◆ REQUIRED ACTION:
Take the data below and copy exactly the lines starting at the one with "20:「Masked Dan" and finishing at the one with "以上、大阪駅の地下ホームで撮影した臨時列車 「エキスポライナー」 桜島行きの表示を紹介しました。", both included.

◆ ENTRIES PROVIDED:
----------------------------------------
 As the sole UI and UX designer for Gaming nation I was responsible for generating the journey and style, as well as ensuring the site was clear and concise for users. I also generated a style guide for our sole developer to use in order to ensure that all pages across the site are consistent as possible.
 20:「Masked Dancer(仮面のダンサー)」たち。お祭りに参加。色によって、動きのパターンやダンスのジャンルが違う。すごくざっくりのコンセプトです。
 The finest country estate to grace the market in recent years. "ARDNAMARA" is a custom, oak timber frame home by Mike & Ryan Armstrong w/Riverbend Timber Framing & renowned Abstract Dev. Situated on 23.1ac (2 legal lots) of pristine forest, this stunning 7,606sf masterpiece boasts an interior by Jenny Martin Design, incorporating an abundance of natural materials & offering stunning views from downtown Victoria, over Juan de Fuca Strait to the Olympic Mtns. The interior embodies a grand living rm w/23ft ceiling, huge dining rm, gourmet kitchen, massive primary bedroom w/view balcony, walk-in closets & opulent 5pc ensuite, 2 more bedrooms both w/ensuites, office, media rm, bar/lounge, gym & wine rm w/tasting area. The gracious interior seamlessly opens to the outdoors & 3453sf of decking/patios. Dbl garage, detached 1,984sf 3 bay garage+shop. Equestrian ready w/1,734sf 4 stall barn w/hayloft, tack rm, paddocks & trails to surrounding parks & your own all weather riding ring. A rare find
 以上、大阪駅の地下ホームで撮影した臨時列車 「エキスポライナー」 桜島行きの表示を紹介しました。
----------------------------------------
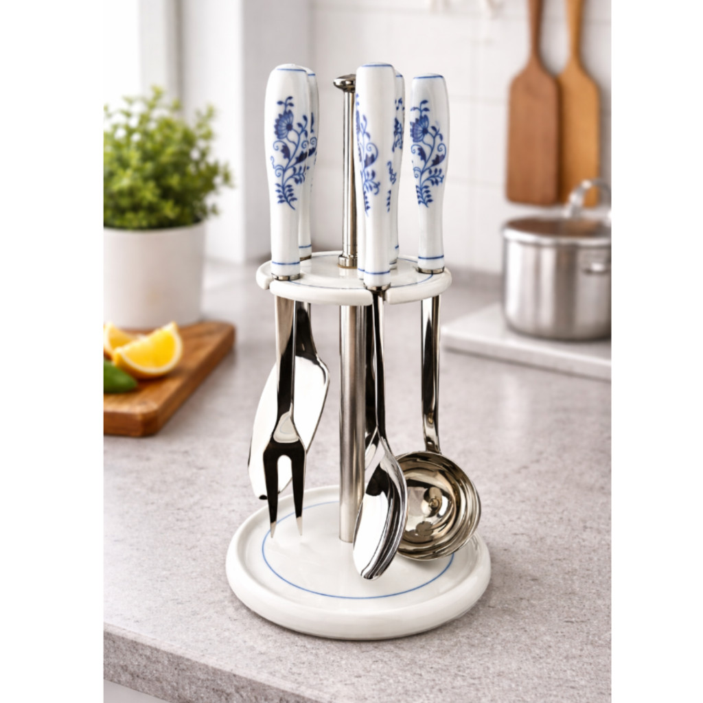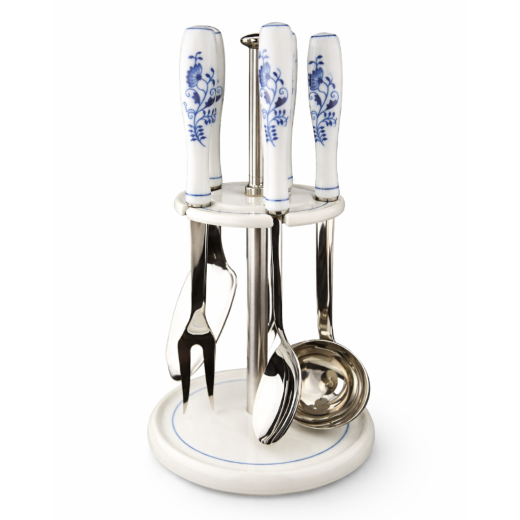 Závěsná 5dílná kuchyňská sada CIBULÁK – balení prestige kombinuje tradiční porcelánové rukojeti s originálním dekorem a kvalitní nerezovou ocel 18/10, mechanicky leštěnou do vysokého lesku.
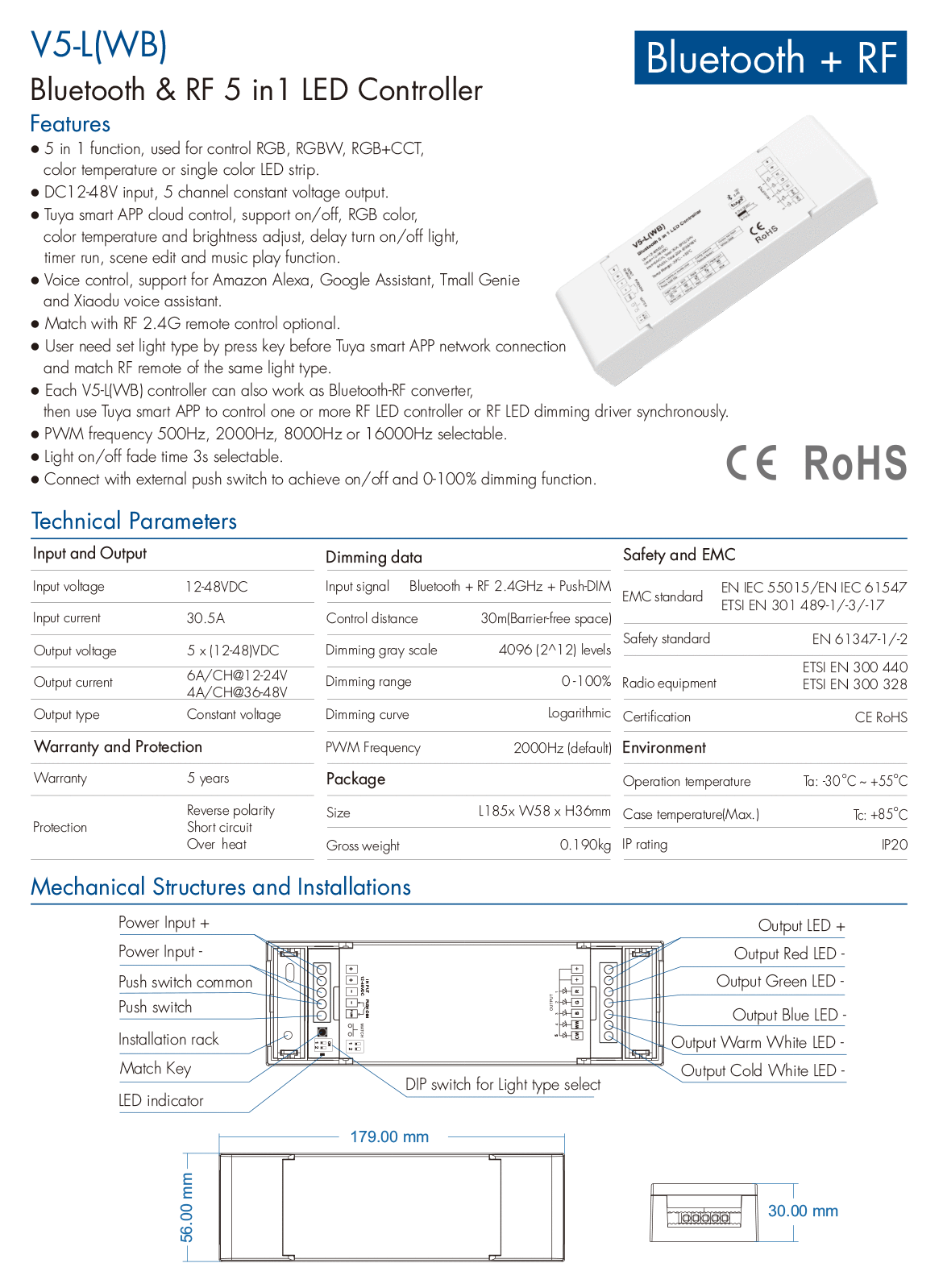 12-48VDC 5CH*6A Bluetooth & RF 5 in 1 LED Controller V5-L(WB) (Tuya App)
----------------------------------------
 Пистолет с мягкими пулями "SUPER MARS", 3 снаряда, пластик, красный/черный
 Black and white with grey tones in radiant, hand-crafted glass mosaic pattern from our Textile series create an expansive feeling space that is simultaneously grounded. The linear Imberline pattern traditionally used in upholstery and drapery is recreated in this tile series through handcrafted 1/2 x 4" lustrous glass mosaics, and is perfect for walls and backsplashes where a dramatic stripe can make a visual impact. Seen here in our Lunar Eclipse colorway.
----------------------------------------
◆ REPLY:
 20:「Masked Dancer(仮面のダンサー)」たち。お祭りに参加。色によって、動きのパターンやダンスのジャンルが違う。すごくざっくりのコンセプトです。
 The finest country estate to grace the market in recent years. "ARDNAMARA" is a custom, oak timber frame home by Mike & Ryan Armstrong w/Riverbend Timber Framing & renowned Abstract Dev. Situated on 23.1ac (2 legal lots) of pristine forest, this stunning 7,606sf masterpiece boasts an interior by Jenny Martin Design, incorporating an abundance of natural materials & offering stunning views from downtown Victoria, over Juan de Fuca Strait to the Olympic Mtns. The interior embodies a grand living rm w/23ft ceiling, huge dining rm, gourmet kitchen, massive primary bedroom w/view balcony, walk-in closets & opulent 5pc ensuite, 2 more bedrooms both w/ensuites, office, media rm, bar/lounge, gym & wine rm w/tasting area. The gracious interior seamlessly opens to the outdoors & 3453sf of decking/patios. Dbl garage, detached 1,984sf 3 bay garage+shop. Equestrian ready w/1,734sf 4 stall barn w/hayloft, tack rm, paddocks & trails to surrounding parks & your own all weather riding ring. A rare find
 以上、大阪駅の地下ホームで撮影した臨時列車 「エキスポライナー」 桜島行きの表示を紹介しました。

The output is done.